25 March 2010

Spook Museum

Washington, D.C., is a city of museums. One estimate numbers them at over 100 in the greater metro area. At the top of the list are the branches of the Smithsonian Institution, such as the National Museum of American History (sometimes called the Nation’s Attic), the National Museum of Natural History, and the National Air and Space Museum. Then there are the art museums, starting with the National Gallery of Art and including the National Museum of Women in the Arts, the National Museum of African Art, the Phillips Collection, the Corcoran Gallery of Art, and quite a few more, both public and private. But art and history are not the only subjects of the museums in the Nation’s Capital; we have lots more, some rather peculiar, collections of objects and exhibits.

When I was a kid, one of the strangest places we could visit--and, perhaps, the most gruesome--was the Army Medical Museum, now called the National Museum of Health and Medicine. In my day, it was housed downtown in one of the many so-called temporary buildings, left over from the FDR administration to accommodate the expanded government for the recovery from the Great Depression and then the conduct of World War II. (Since the change in the museum’s designation, it’s moved to different quarters on the grounds of Walter Reed Army Medical Center.) One exhibit was a display on the assassination of Abraham Lincoln which included not only John Wilkes Booth’s derringer but the vertebrae removed from Lincoln’s body where the fatal bullet had penetrated. Other exhibits in this odd collection resemble a Ripley’s Believe It or Not museum (like the one I remember on Times Square when I was little--a mid-20th-century version of Barnum’s dime museum). On display in huge glass bottles and jars were limbs with elephantiasis, the fetus of conjoined twins, the lungs of a smoker (compared with those of a coal miner and an iron miner), the tongue and throat of a person who choked to death on dentures, among other grim--but often instructive--items. Established in 1862, the museum was described by its founder, Army Surgeon General William Hammond, as a collection of "all specimens of morbid anatomy, surgical or medical, which may be regarded as valuable." The Washington Post, however, puts it more succinctly: a visit produces a “shiver-inducing, stomach-churning sensation.”

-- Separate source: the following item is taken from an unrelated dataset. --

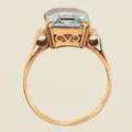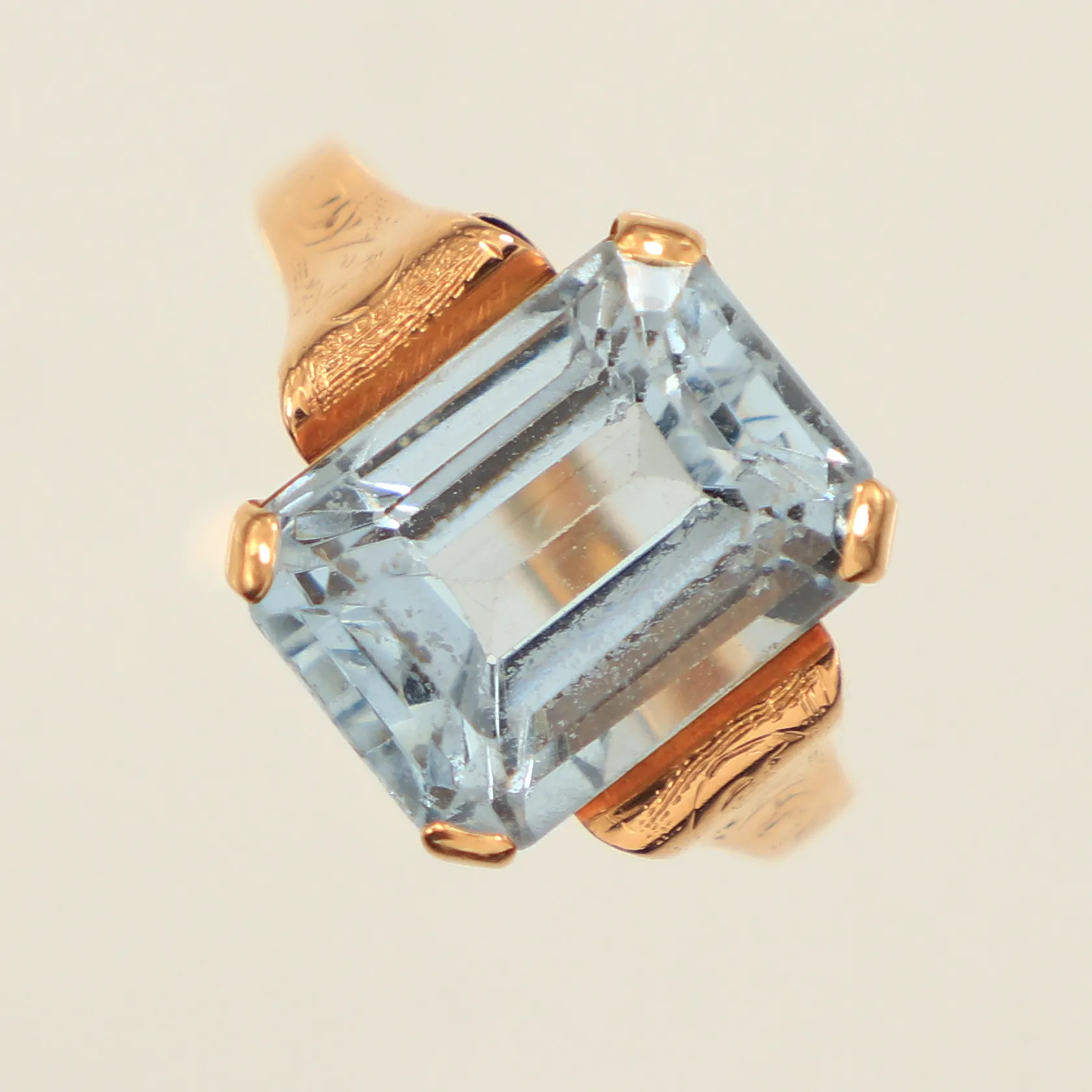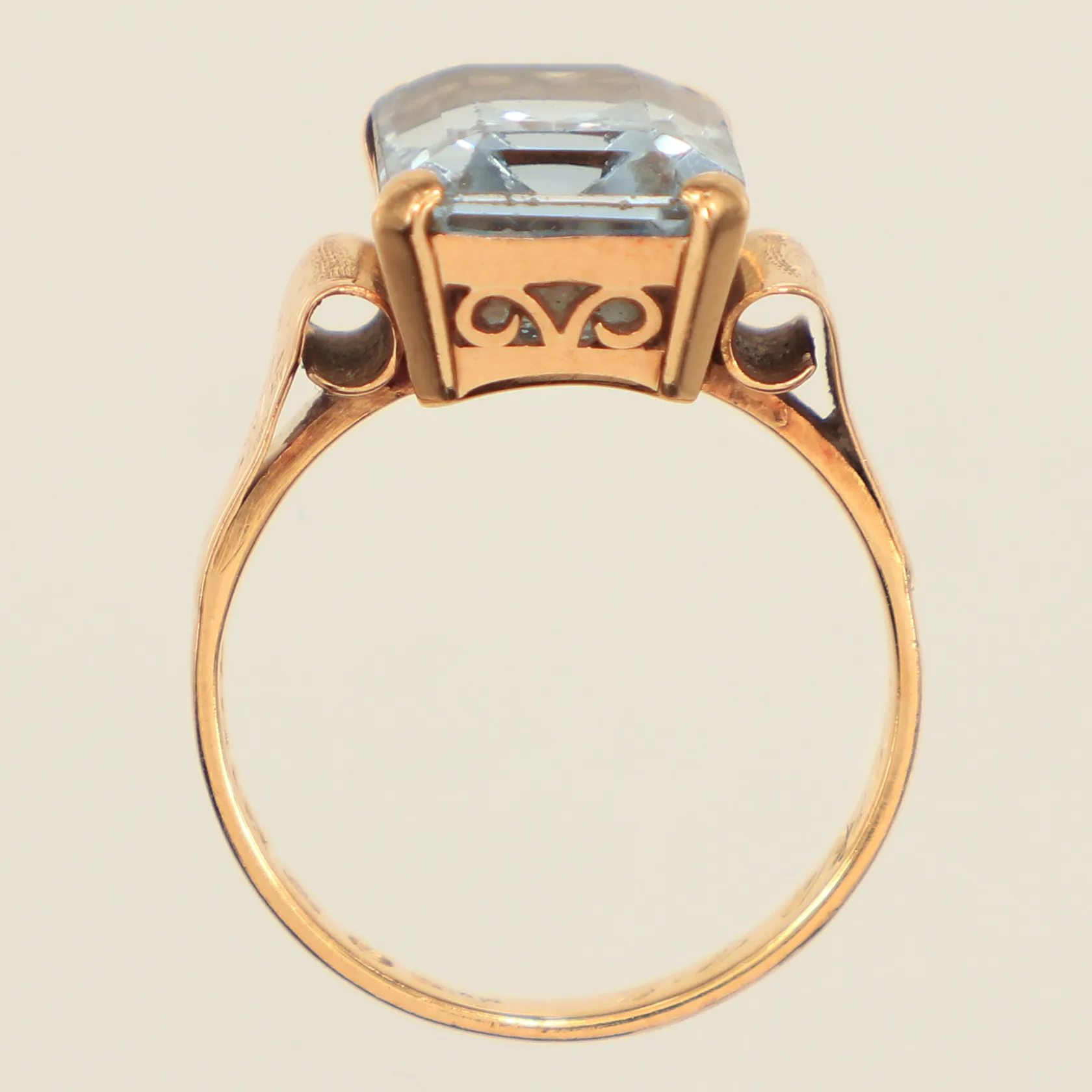Ring med blå sten, möjligen syntetisk spinell, stl 17, bredd 2,3-12,3mm, gravyr, 18K Vikt: 4,6 g.

Other Washington collections include the Newseum, devoted to the news business; the Folger Shakespeare Library, home of the largest collection of Shakespeare materials in the world; the National Archives, where the nation’s founding documents, as well as other historic and significant papers, are kept; the National Building Museum, which focuses on design and architecture; and the National Museum of Crime and Punishment, a relatively new exhibition whose charter is clear from its name. (The entrance to the NMCP, like many such places, is controlled by chains on movable stanchions--but these are fashioned from handcuffs!) And I’m not even counting the government agencies, like the FBI or the Bureau of Printing and Engraving, which have their own displays; the museums and exhibits in nearby Maryland and Virginia; historic sites like Ford’s Theatre, Mount Vernon, Hillwood, and Tudor Place, or the historic downtowns of places like Alexandria, Virginia, or Frederick, Maryland (anyone remember Barbara Fritchie?). One of the most fascinating, however, is the eight-year-old International Spy Museum on Northwest F Street in downtown D.C, right across the street from the National Portrait Gallery and the National Museum of American Art and a short walk from the Verizon Center.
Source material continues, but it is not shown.